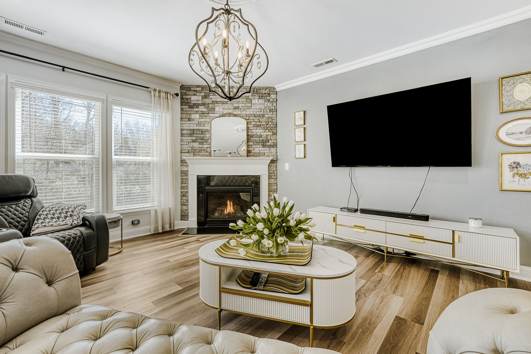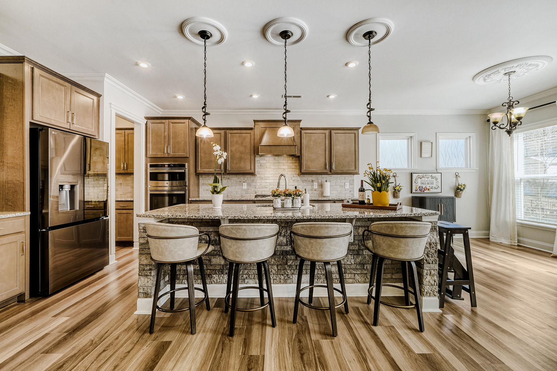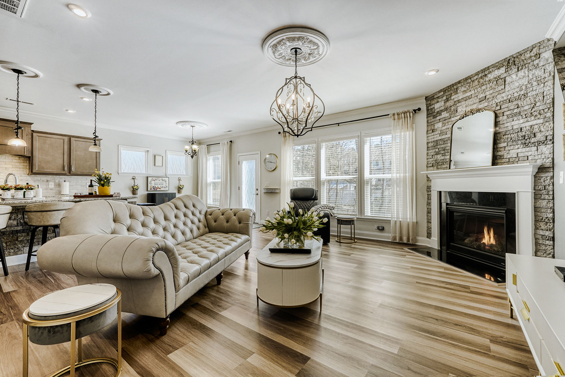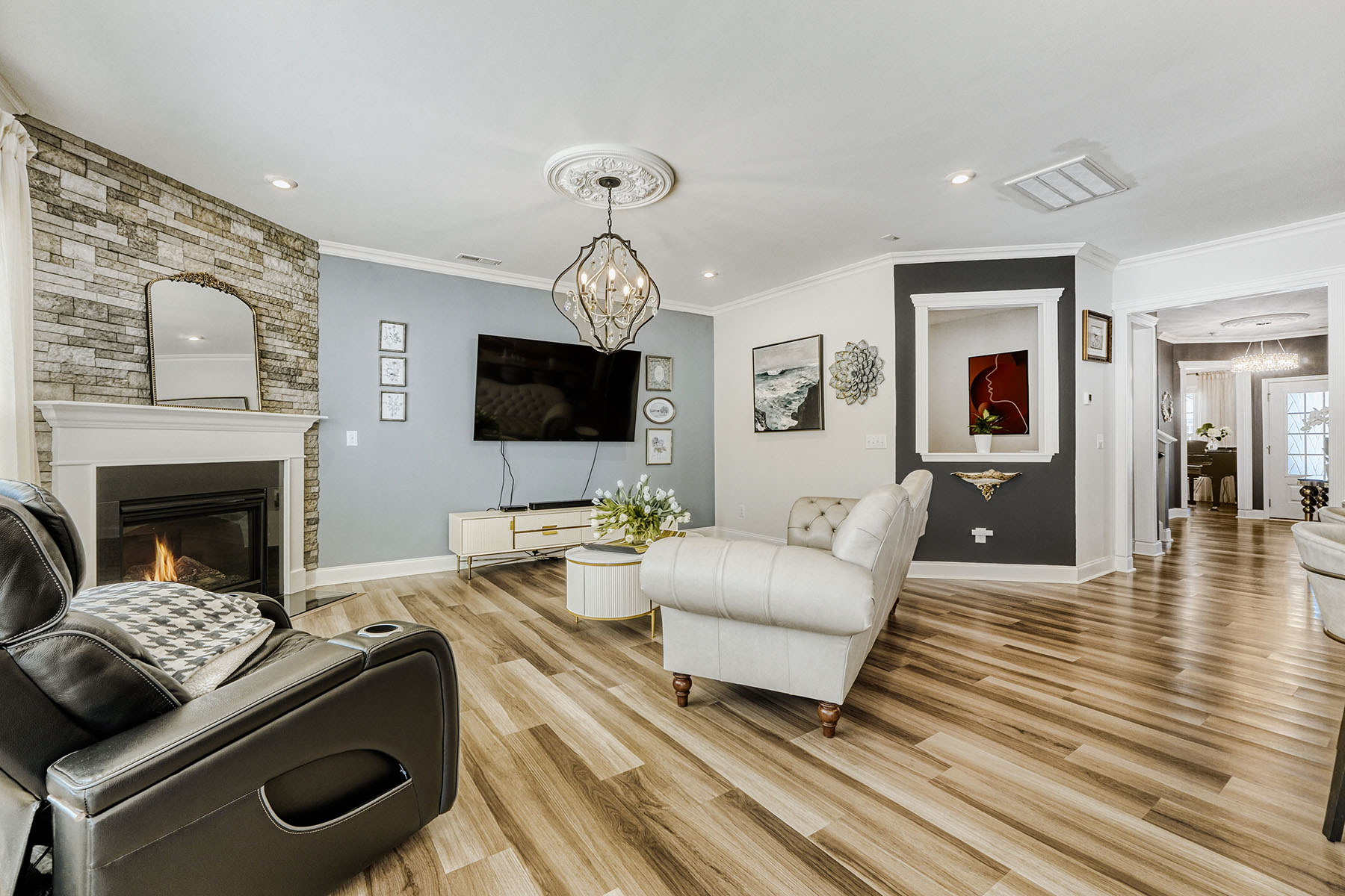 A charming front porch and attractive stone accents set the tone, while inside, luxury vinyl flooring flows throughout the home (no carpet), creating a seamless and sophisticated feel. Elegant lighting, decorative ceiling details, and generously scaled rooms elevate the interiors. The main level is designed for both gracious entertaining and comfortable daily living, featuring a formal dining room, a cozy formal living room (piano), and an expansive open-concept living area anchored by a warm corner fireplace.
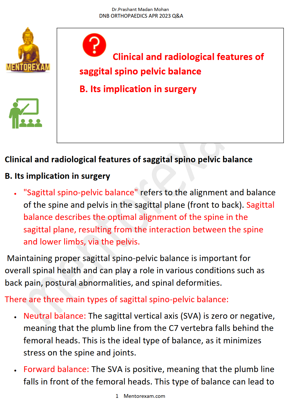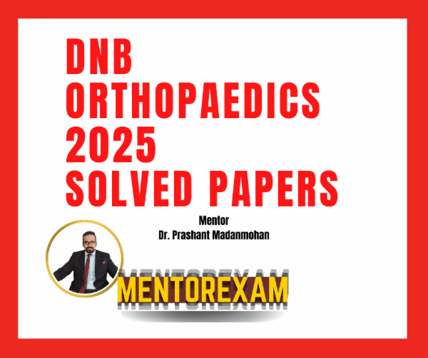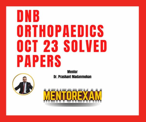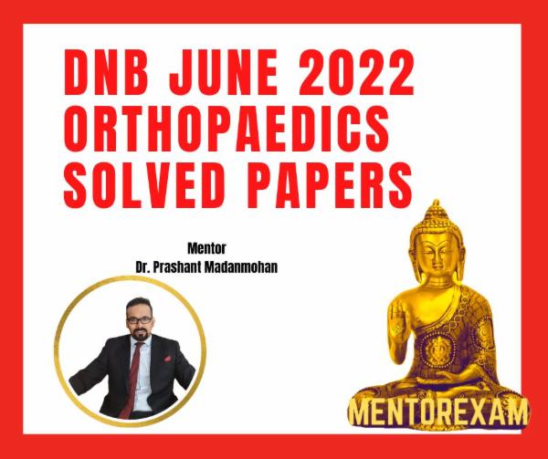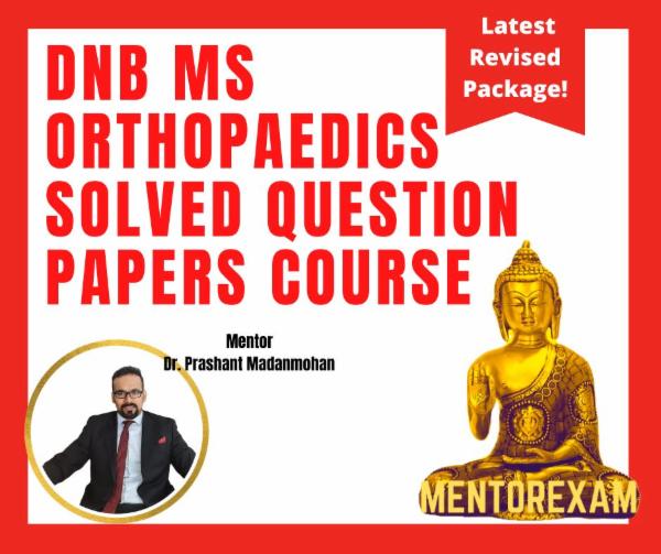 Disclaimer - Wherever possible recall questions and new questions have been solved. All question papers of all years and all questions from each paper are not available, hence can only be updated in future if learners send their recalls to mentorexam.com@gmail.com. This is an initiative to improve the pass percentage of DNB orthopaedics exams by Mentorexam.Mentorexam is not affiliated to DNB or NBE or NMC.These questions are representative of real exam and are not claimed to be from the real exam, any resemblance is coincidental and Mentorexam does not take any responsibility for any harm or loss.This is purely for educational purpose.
•••
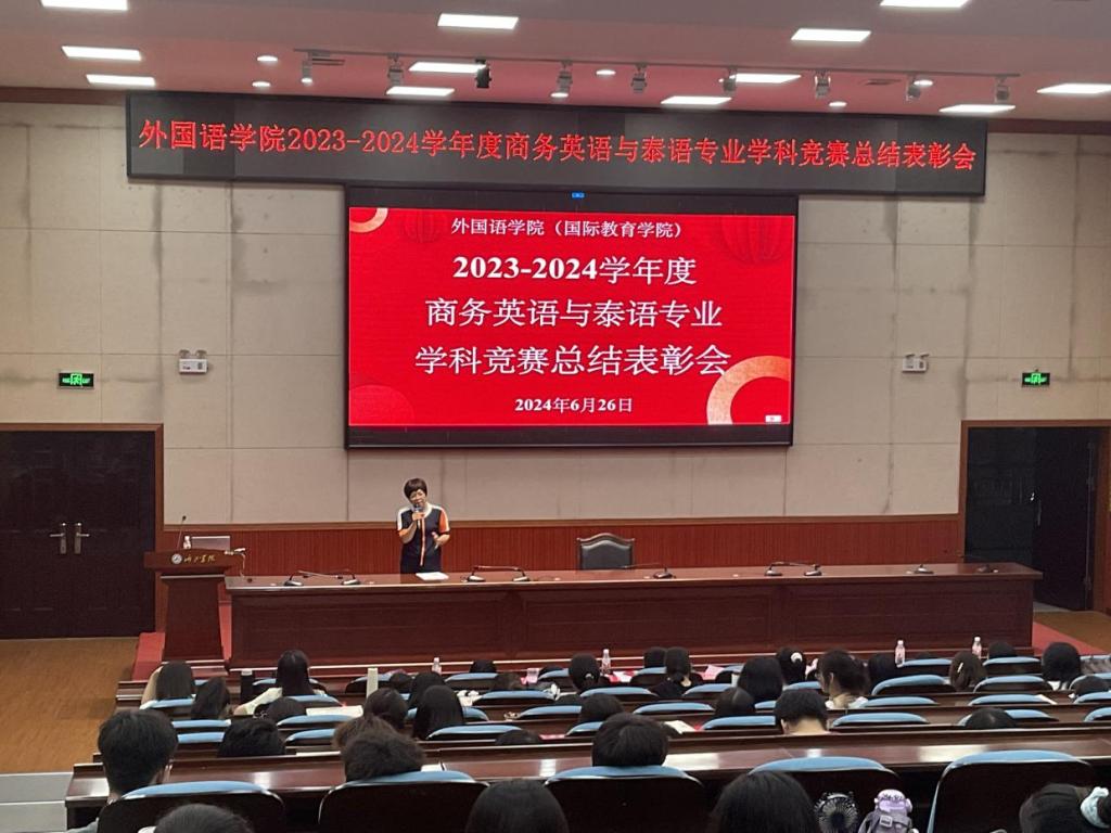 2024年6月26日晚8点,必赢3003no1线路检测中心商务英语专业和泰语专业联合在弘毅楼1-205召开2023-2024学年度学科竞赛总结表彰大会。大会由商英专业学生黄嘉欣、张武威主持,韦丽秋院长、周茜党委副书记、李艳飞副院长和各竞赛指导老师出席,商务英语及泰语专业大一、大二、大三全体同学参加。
•••
▶ [EXERCISE OBJECTIVE] Each line between the one holding "A charming front" and the one holding "Disclaimer - Wherever", inclusive, should be copied exactly as it appears above, and pictures should be omitted.

▶ [SOLUTION TO THIS EXERCISE]
 A charming front porch and attractive stone accents set the tone, while inside, luxury vinyl flooring flows throughout the home (no carpet), creating a seamless and sophisticated feel. Elegant lighting, decorative ceiling details, and generously scaled rooms elevate the interiors. The main level is designed for both gracious entertaining and comfortable daily living, featuring a formal dining room, a cozy formal living room (piano), and an expansive open-concept living area anchored by a warm corner fireplace.
 Disclaimer - Wherever possible recall questions and new questions have been solved. All question papers of all years and all questions from each paper are not available, hence can only be updated in future if learners send their recalls to mentorexam.com@gmail.com. This is an initiative to improve the pass percentage of DNB orthopaedics exams by Mentorexam.Mentorexam is not affiliated to DNB or NBE or NMC.These questions are representative of real exam and are not claimed to be from the real exam, any resemblance is coincidental and Mentorexam does not take any responsibility for any harm or loss.This is purely for educational purpose.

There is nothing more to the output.